Please include the following information:

1. Logstash version (e.g. `bin/logstash --version`) any
2. Logstash installation source (e.g. built from source, with a package manager: DEB/RPM, expanded from tar or zip archive, docker)
3. How is Logstash being run (e.g. as a service/service manager: systemd, upstart, etc.
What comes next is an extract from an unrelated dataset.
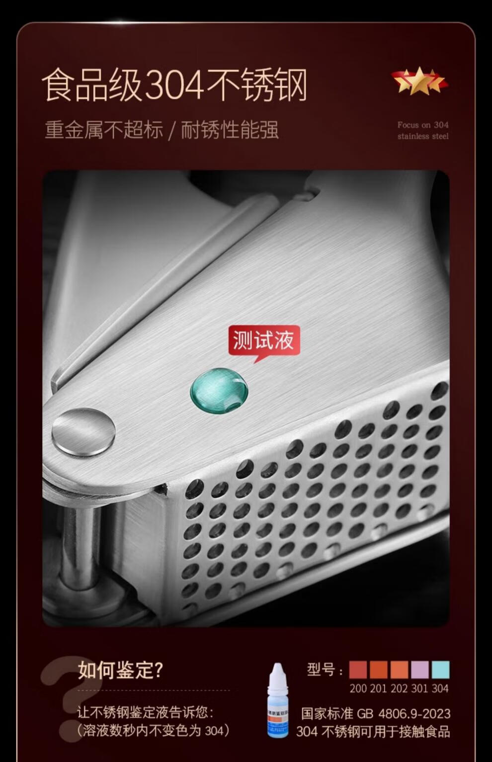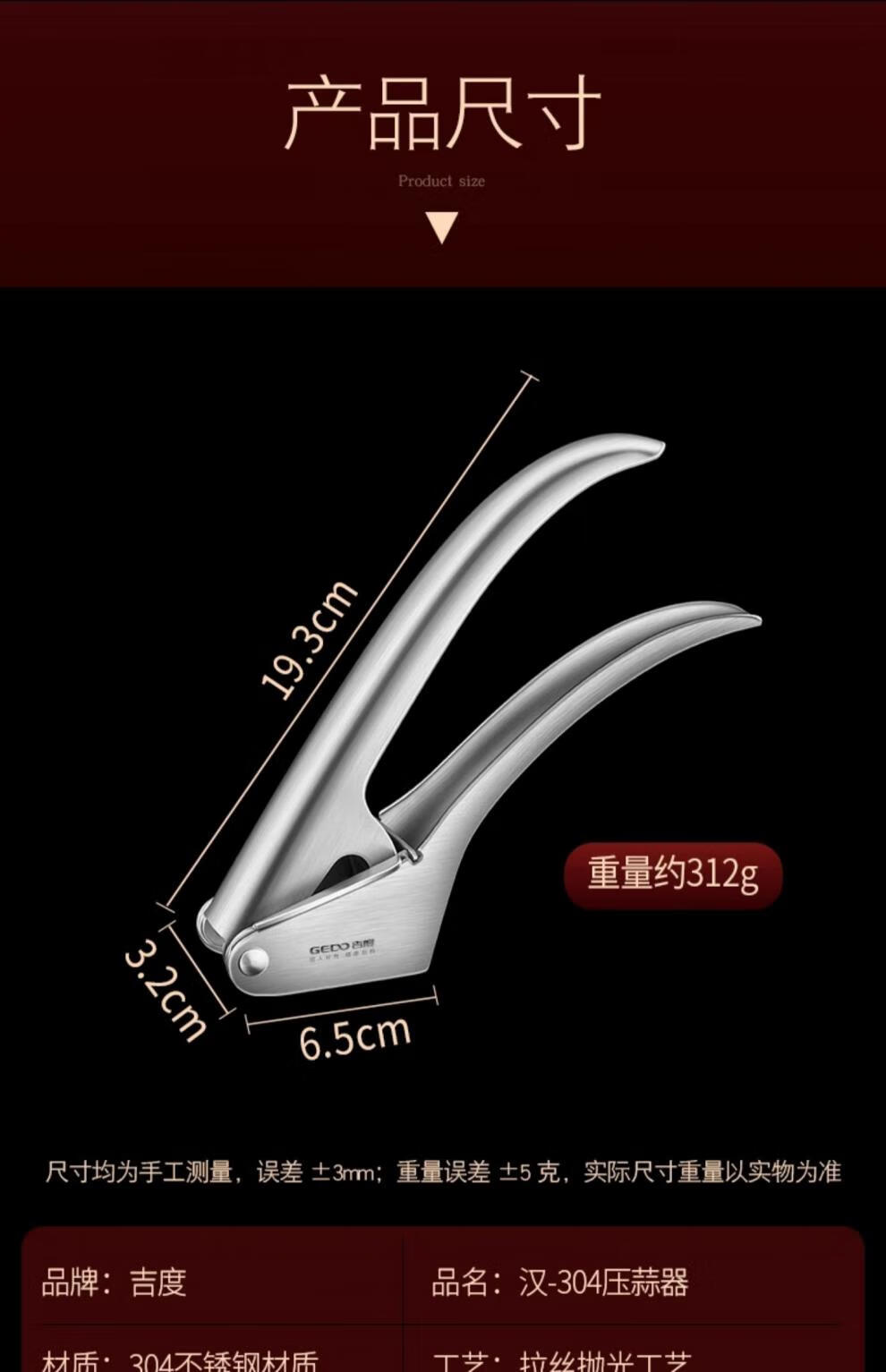 OIMG German 304 stainless steel garlic press garlic squeezer garlic peeling and smashing artifact kitchen manual garlic garlic press real 304 steel garlic press
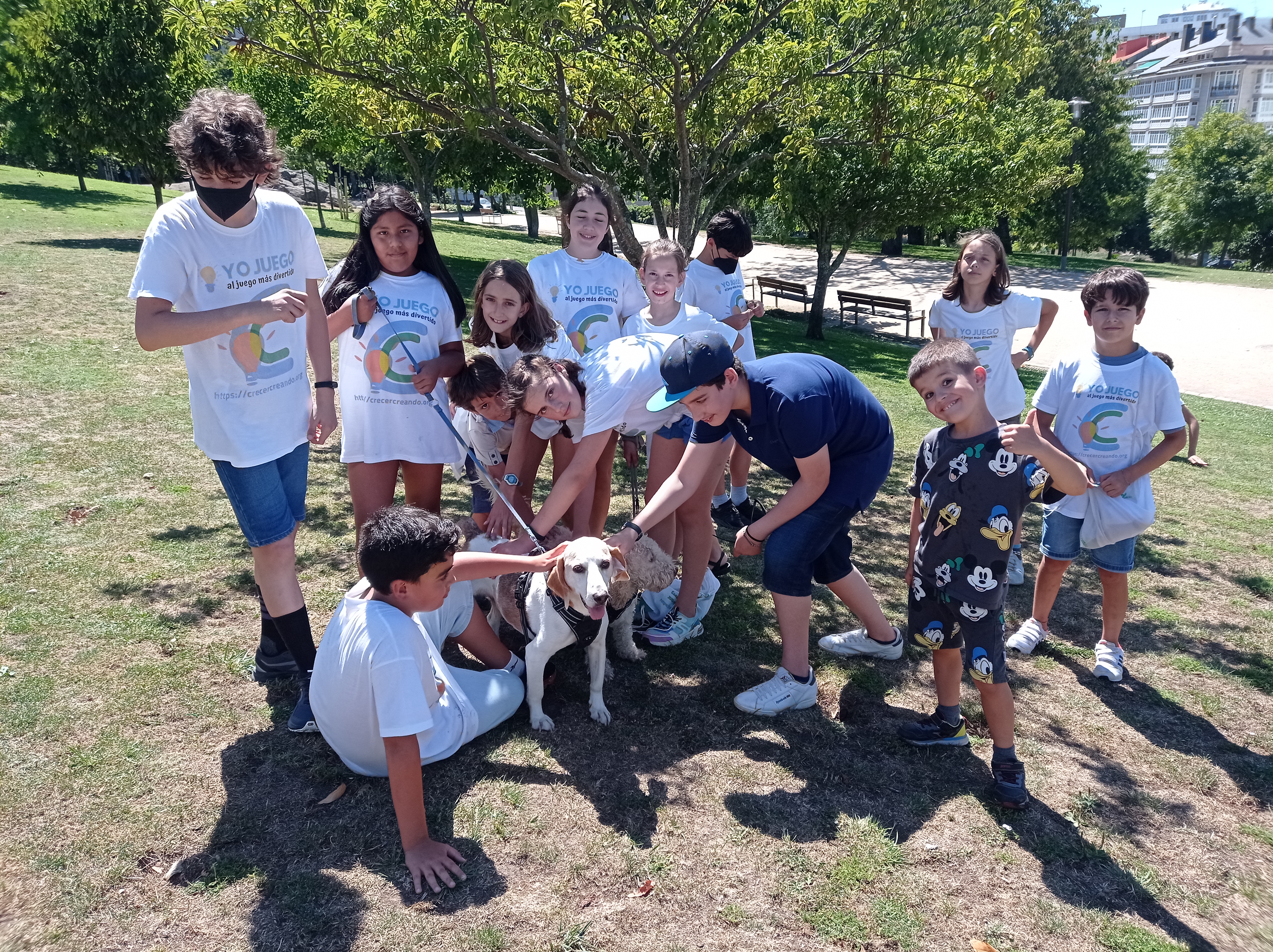 Después de recoger y reciclar entre todos, compartimos 30 minutos al aire libre con Nemo, el perro de Crecer Creando, y Max y Kira, su manada, todos perros rescatados. Nemo estaba muy feliz por volver a ver a los niños y niñas. Aprovechamos para hablar sobre el respeto a todos los seres vivos.

Via command line, docker/kubernetes)

**Plugins installed**: (`bin/logstash-plugin list --verbose`)

**JVM** (e.g. `java -version`):

If the affected version of Logstash is 7.9 (or earlier), or if it is NOT using the bundled JDK or using the 'no-jdk' version in 7.10 (or higher), please provide the following information:

1. JVM version (`java -version`)
2. JVM installation source (e.g. from the Operating System's package manager, from source, etc).
3. Value of the `LS_JAVA_HOME` environment variable if set.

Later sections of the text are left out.